Isolation and Characterization of L-Asparaginase-Producing Bacteria from the Arabian–Persian Gulf Region: First Report on Bacillus xiamenensis ASP-J1-4 as a Producer and Its Potential Application

  • Ghofran M. Al-Harbi
  • , Essam Kotb*
  • , Abeer A. Almiman
  • , Mahmoud M. Berekaa
  • , Salwa Alhamad
  • , Nada F. Alahmady
  • , Meneerah A. Aljafary
  • , Nadiyah M. Alqazlan
  • , Reem I. Alyami
  • , Joud M. Alqarni
  • , Ebtesam Abdullah Al-Suhaimi*
  • *Corresponding author for this work

Research output: Contribution to journalArticlepeer-review

1 Scopus citations

Abstract

L-asparaginase (L-ASNase) functions as a chemotherapeutic enzyme with antitumor properties. It facilitates the degradation of L-asparagine (L-ASN), a vital amino acid required for the proliferation of tumor cells. In this study, we have isolated 177 L-ASNase-producing strains from the aquatic environment of the Arabian–Persian Gulf.
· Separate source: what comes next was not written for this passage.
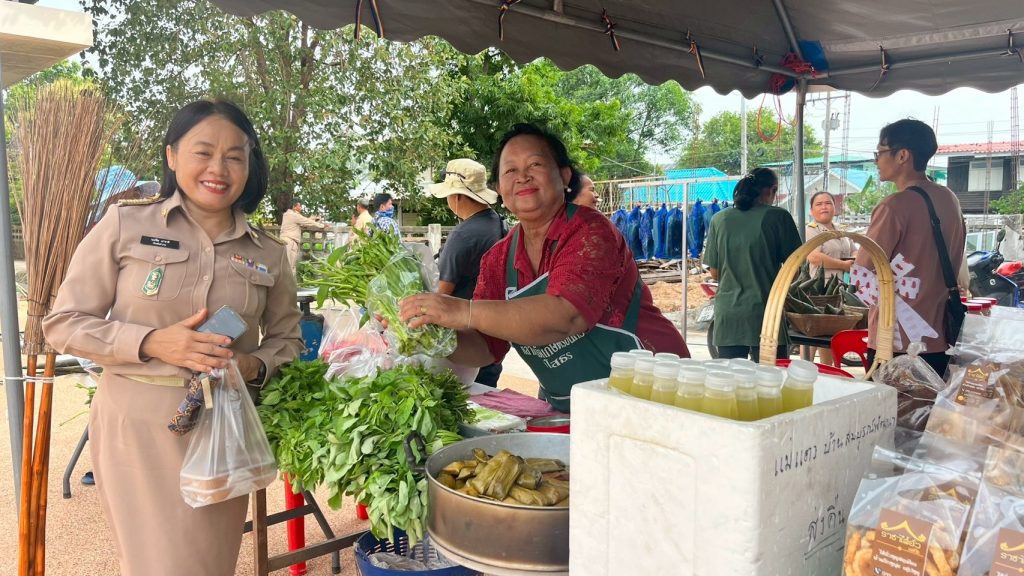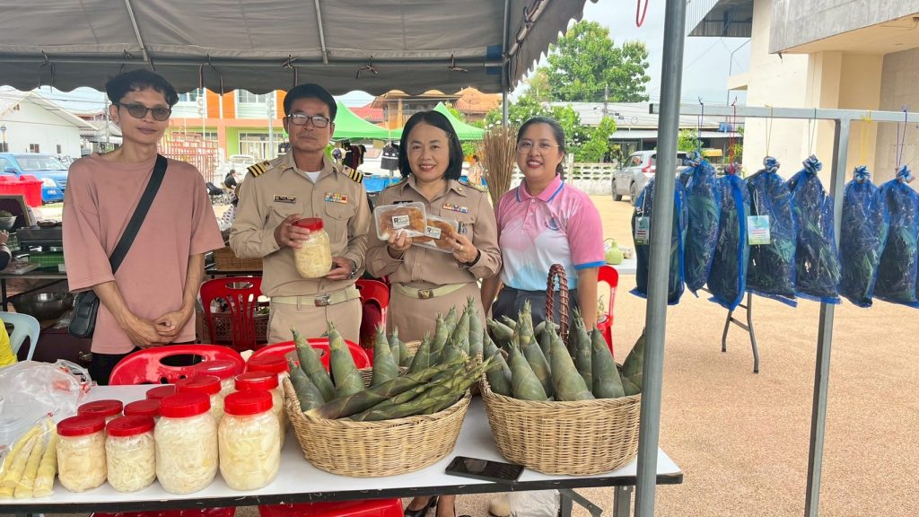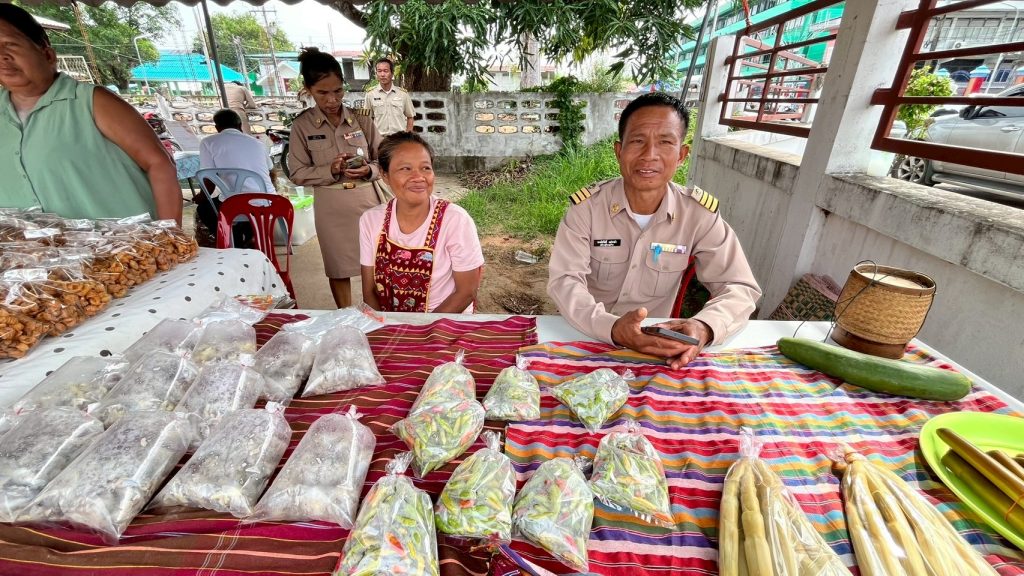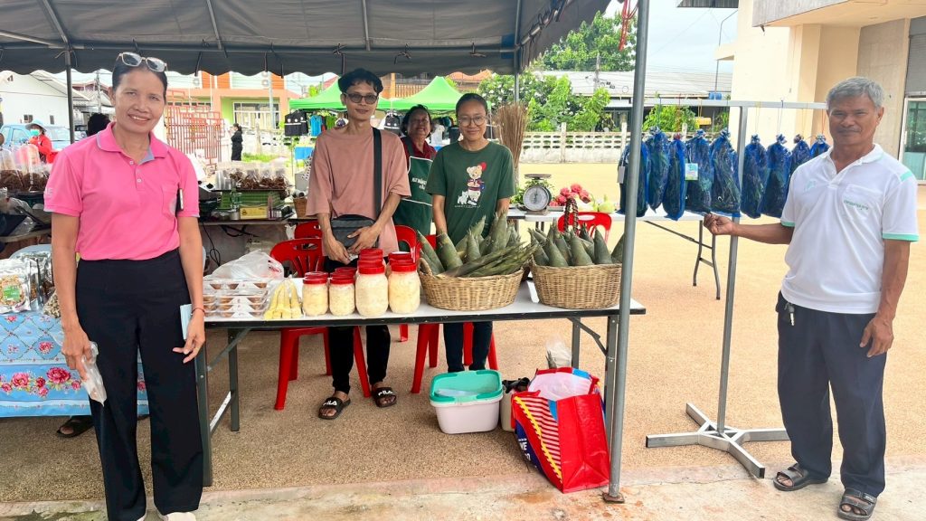 วันที่ 1 กรกฎาคม 2568 นายสุชาติ ปกป้อง เกษตรอำเภอคำเขื่อนแก้ว พร้อมด้วย เจ้าหน้าที่สำนักงานเกษตรอำเภอคำเขื่อนแก้ว ติดตามและสนับสนุนการนำสินค้าเกษตรของเกษตรกรในพื้นที่มาจำหน่ายภายในงานประชุมประจำเดือน กำนัน ผู้ใหญ่บ้าน ฯลฯ ประจำเดือนกรกฎาคม 2568 ซึ่งจัดขึ้น ณ หอประชุม 100 ปี อำเภอคำเขื่อนแก้ว จังหวัดยโสธร สินค้าเกษตรที่นำมาจำหน่ายในงานประกอบด้วย พืชผักปลอดสารพิษ ผลผลิตแปรรูปจากกลุ่มวิสาหกิจชุมชน ข้าวอินทรีย์ น้ำสมุนไพร และสินค้าเกษตรตามฤดูกาล โดยได้รับความสนใจจากผู้เข้าร่วมประชุมและประชาชนที่มาร่วมงานเป็นจำนวนมาก การจัดจำหน่ายสินค้าเกษตรในครั้งนี้เป็นการส่งเสริมช่องทางการตลาด เพิ่มรายได้ให้เกษตรกรในพื้นที่ และเป็นการประชาสัมพันธ์ผลผลิตทางการเกษตรของอำเภอคำเขื่อนแก้วให้เป็นที่รู้จักในวงกว้างมากยิ่งขึ้น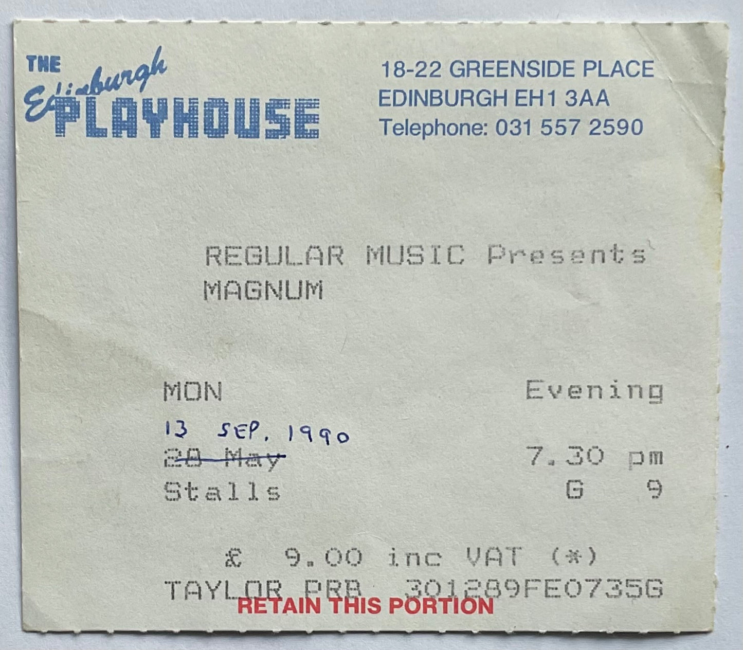 Magnum Original Used Concert Ticket Edinburgh Playhouse 13th Sep 1990

The most potent isolate, ASP-J1-4, was an endophyte recovered from the seablite Suaeda maritima and was molecularly identified as B. xiamenensis (accession number PQ593941). The enzyme purified through DEAE-Sepharose displayed a molecular weight of 37 kDa based on the SDS-PAGE profile and lacked detectable L-glutaminase (L-GTNase) activity. Optimal enzyme activity was at 40 °C and pH 9.0, with stability at pH 7–9. The maximum stimulation effect was found in the presence of Fe3+, Mn2+, and Na+ ions, respectively. The enzyme demonstrated a Vmax of 35.71 U/mL and a Km of 0.15 mM. Interestingly, ASP-J1-4 L-ASNase showed a dose-dependent inhibition against human colon carcinoma (HCT-116) and cervical Henrietta Lacks (HeLa) cell lines, with IC50 values of 15.42 µg/mL and 12.13 µg/mL, respectively. These findings collectively suggest a biocompatible, efficient, and robust enzyme for potential applications in tumor therapy after validation of in vivo studies and clinical trials. This study introduces the first deep screening program for L-ASNase-producing bacteria harboring in the Arabian–Persian Gulf region. In addition, it launches B. xiamenensis and other species as new sources of L-ASNase.

Original languageEnglish
Article number194
JournalMarine Drugs
Volume23
Issue number5
DOIs
StatePublished - May 2025
Externally publishedYes

Bibliographical note

Publisher Copyright:
© 2025 by the authors.

Keywords

  • antitumor
  • Arabian–Persian Gulf
  • Bacillus xiamenensis
  • L-asparaginase
  • marine bacteria
  • marine drugs

ASJC Scopus subject areas

  • Pharmaceutical Science
  • Drug Discovery
  • Pharmacology, Toxicology and Pharmaceutics (miscellaneous)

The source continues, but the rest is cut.